● **Extracted material**:
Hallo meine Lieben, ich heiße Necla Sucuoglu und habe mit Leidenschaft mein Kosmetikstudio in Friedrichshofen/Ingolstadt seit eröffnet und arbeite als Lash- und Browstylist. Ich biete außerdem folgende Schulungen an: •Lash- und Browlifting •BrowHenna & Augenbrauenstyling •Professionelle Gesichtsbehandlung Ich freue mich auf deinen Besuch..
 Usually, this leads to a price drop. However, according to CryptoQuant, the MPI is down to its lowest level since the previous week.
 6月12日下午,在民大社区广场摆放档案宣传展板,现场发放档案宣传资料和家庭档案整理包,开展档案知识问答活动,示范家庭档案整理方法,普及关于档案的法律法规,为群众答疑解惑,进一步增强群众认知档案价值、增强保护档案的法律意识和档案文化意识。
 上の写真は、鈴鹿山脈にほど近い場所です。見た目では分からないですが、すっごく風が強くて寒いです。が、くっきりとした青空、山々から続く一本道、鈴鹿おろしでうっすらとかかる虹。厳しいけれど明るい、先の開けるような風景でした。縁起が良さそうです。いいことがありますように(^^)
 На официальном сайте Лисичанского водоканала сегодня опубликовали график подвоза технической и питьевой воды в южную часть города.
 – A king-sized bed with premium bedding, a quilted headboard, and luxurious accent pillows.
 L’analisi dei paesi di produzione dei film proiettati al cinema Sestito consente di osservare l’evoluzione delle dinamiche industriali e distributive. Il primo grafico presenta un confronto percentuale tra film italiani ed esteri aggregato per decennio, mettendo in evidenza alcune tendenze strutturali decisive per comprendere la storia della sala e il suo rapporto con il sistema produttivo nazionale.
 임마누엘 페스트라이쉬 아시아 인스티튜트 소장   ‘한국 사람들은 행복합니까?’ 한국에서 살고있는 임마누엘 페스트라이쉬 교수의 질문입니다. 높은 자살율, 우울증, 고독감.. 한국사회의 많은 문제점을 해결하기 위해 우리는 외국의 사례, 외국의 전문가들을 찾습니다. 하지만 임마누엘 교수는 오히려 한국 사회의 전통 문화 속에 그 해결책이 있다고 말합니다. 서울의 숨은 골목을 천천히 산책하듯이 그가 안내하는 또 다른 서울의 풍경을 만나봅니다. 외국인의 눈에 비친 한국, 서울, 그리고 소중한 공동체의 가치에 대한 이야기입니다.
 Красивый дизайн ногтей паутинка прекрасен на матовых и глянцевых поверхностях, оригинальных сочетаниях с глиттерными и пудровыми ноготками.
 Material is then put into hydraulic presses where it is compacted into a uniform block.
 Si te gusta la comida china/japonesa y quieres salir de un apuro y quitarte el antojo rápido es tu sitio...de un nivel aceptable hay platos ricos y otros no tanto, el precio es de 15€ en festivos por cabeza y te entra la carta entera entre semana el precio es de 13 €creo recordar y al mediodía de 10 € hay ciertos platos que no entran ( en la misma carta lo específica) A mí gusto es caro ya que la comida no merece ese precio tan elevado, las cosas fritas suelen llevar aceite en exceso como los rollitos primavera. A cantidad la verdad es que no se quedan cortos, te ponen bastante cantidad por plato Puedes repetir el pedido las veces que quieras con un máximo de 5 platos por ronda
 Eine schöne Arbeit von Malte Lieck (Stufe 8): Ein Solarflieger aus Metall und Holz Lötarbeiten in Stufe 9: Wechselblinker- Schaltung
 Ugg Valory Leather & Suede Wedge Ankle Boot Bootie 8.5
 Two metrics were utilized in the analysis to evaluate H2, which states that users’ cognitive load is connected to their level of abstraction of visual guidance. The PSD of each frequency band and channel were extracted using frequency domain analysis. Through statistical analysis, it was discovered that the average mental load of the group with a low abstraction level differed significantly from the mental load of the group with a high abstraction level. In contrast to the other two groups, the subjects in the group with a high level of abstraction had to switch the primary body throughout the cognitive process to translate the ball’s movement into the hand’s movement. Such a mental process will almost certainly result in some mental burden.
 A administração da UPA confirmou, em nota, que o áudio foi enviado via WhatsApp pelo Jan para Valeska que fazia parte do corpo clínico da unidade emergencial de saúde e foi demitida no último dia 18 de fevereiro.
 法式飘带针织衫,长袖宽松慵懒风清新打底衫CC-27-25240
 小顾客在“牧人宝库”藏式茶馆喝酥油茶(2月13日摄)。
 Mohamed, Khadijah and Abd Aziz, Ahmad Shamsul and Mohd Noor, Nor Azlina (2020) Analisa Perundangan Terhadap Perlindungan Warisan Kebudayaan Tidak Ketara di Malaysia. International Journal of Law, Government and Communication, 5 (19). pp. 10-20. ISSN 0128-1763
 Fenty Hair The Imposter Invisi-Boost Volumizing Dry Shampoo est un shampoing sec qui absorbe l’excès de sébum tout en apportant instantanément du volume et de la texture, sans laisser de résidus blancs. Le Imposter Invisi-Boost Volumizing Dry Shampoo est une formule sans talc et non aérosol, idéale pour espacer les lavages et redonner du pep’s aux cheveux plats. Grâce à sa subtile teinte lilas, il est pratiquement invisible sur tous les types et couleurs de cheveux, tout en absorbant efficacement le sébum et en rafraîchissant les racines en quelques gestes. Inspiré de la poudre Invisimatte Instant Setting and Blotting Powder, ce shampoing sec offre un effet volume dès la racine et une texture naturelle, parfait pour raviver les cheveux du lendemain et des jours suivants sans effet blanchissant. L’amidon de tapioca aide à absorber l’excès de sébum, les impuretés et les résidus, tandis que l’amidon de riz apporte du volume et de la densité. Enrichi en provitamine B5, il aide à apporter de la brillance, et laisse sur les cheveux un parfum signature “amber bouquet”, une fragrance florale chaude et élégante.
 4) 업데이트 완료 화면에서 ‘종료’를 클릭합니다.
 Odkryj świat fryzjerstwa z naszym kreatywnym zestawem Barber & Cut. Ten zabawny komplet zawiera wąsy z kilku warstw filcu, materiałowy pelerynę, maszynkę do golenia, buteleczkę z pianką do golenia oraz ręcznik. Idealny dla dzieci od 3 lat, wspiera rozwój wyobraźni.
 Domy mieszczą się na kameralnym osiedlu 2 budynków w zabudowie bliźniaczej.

● **Exercise**:
The reply should hold only the lines of the listing above starting at the line containing "Красивый дизайн ногтей" and ending at the line containing "Material is then", exactly as written.

● **Solution to this task**:
 Красивый дизайн ногтей паутинка прекрасен на матовых и глянцевых поверхностях, оригинальных сочетаниях с глиттерными и пудровыми ноготками.
 Material is then put into hydraulic presses where it is compacted into a uniform block.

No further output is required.